While the girls, bubbling over with excitement, were dressing for the great event, Mr. Starr went down-stairs to sit with Prudence. Carol called to him on his way down, and he paused on the staircase, looking up at her.

"Lark and I are going to use some of Fairy's powder, father," she said. "We feel that we simply must on an occasion like this. And for goodness' sake, don't mention it before Him! It doesn't happen very often, you know, but to-day we simply must. Now, don't you say anything about falling in the flour barrel, or turning pale all of a sudden, whatever else you do. We'd be so mortified, father."

Mr. Starr was concerned with weightier matters, and went on down to Prudence with never so much as a reproving shake of the head for the worldly-minded young twins.

"Father," began Prudence, her eyes on the lace coverlet, "do you think it would be all right for me to wear that silk dressing-gown of mother's? I need something over my nightgown, and my old flannel kimono is so ugly. You know, mother said I was to have it, and--I'm twenty now. Do you think it would be all right? But if you do not want me to wear it----"

"I do want you to," was the prompt reply. "Yes, it is quite time you were wearing it. I'll get it out of the trunk myself, and send Fairy down to help you." Then as he turned toward the door, he asked carelessly, "Is he very good-looking, Prudence?"

And Prudence, with a crimson face, answered quickly, "Oh, I really didn't notice, father."

He went on up-stairs then, and presently Fairy came down with the dainty silk gown trimmed with fine soft lace. "I brought my lavender ribbon for your hair, Prudence. It will match the gown so nicely. Oh, you do look sweet, dearest. I pity Jerrold Harmer, I can tell you that. Now I must hurry and finish my own dressing."

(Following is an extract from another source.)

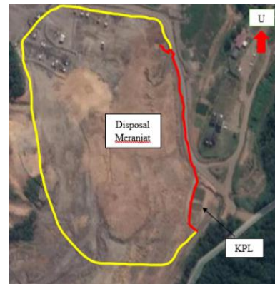
Gambar 3. Panjang saluran drainase

Solusi untuk Pengendalian Erosi lainnya adalah perusahaan menanam tanaman cover crop berupa kacang-kacangan ( Calopogonium mucunoides ) sebagai solusi untuk pengendalian erosi (Gambar 4). Sebagai rencana perusahaan menebarkan tanaman cover crop berupa Calopogonium mucunoides sebanyak 20 kg per ha realisasinya adalah perusahaan baru menebarkan tanaman Calopogonium mucunoides sebanyak 2 kg per ha sehingga realisasi baru berjalan 10% (Tabel 4).

But with her foot on the bottom stair, she paused. Her sister was calling after her. "Send father down here, quick, Fairy."

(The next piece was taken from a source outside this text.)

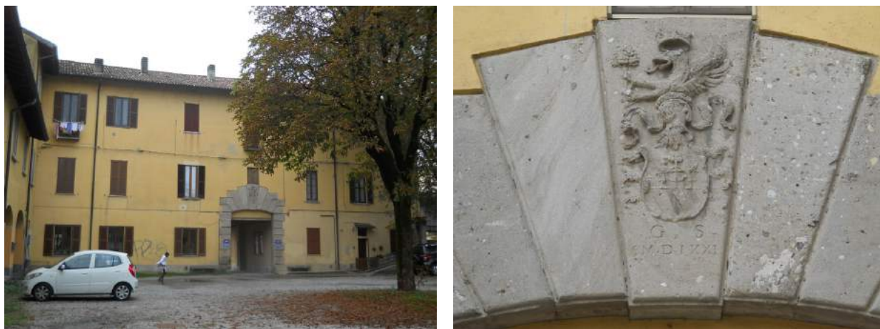
Figg. 21-22. Portale bugnato sulla corte “del pino” e stemma di Gabrio Serbelloni (1571)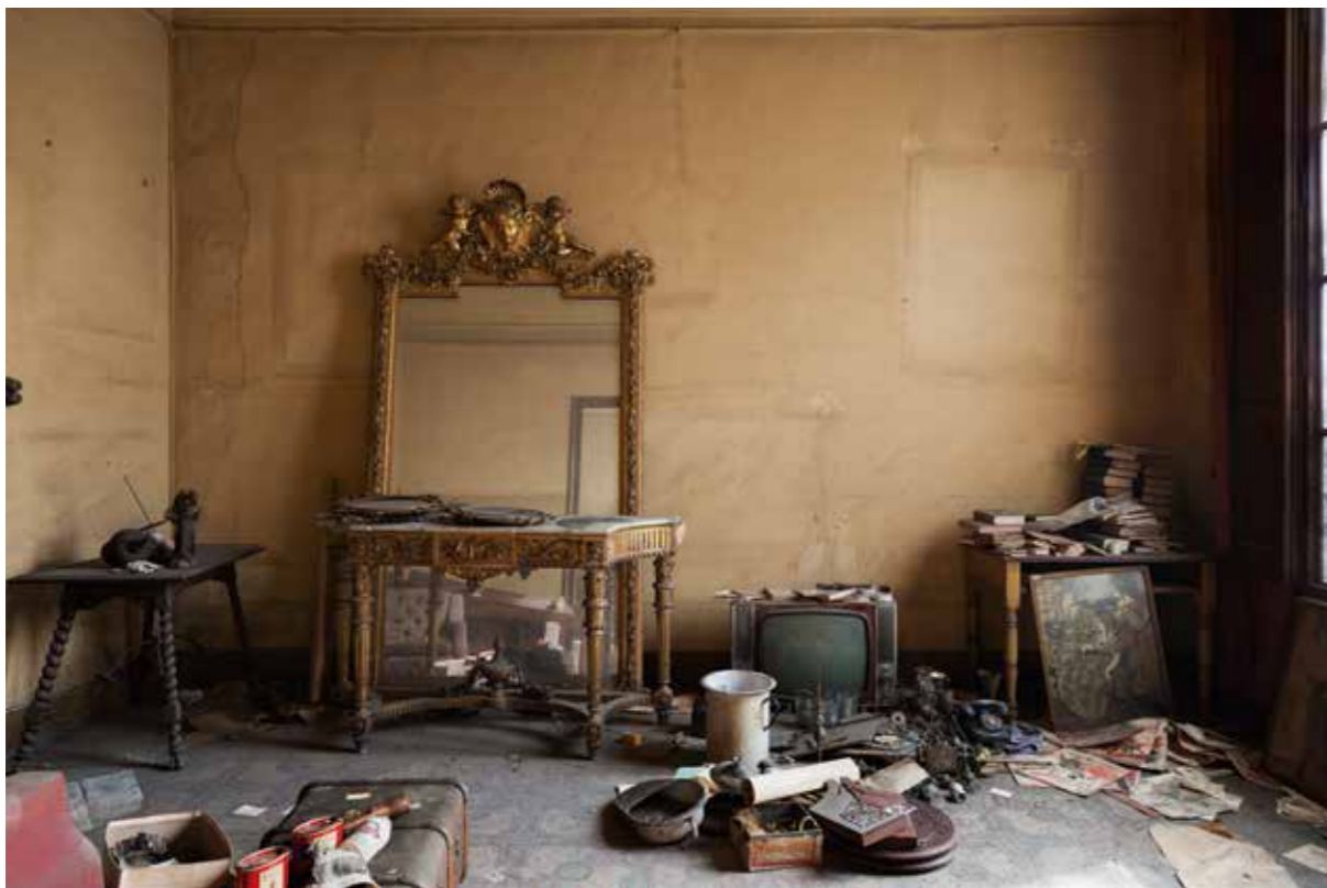
Rambla, 102. Paper Giclée Photo Rag baryta montat en Forex / Giclée Photo Rag baryta paper mounted on Forex, 100 x 66,6 cm.

Father ran down quickly, and Prudence, catching hold of his hands, whispered wretchedly, "Oh, father, he--he is good-looking. I--I did notice it. I didn't really mean to lie to you."

"There, now, Prudence," he said, kissing her tenderly, "you mustn't get excited again. I'm afraid you are too nervous to have callers. You must lie very quietly until he comes. That was no lie, child. You are so upset you do not know what you are saying to-day. Be quiet now, Prudence,--it's nearly time for him to come."

"You are a dear good father," she cried, kissing his hands passionately, "but it was a lie. I did know what I was saying. I did it on purpose."

And Mr. Starr's heart was heavy, for he knew that his fears were realized.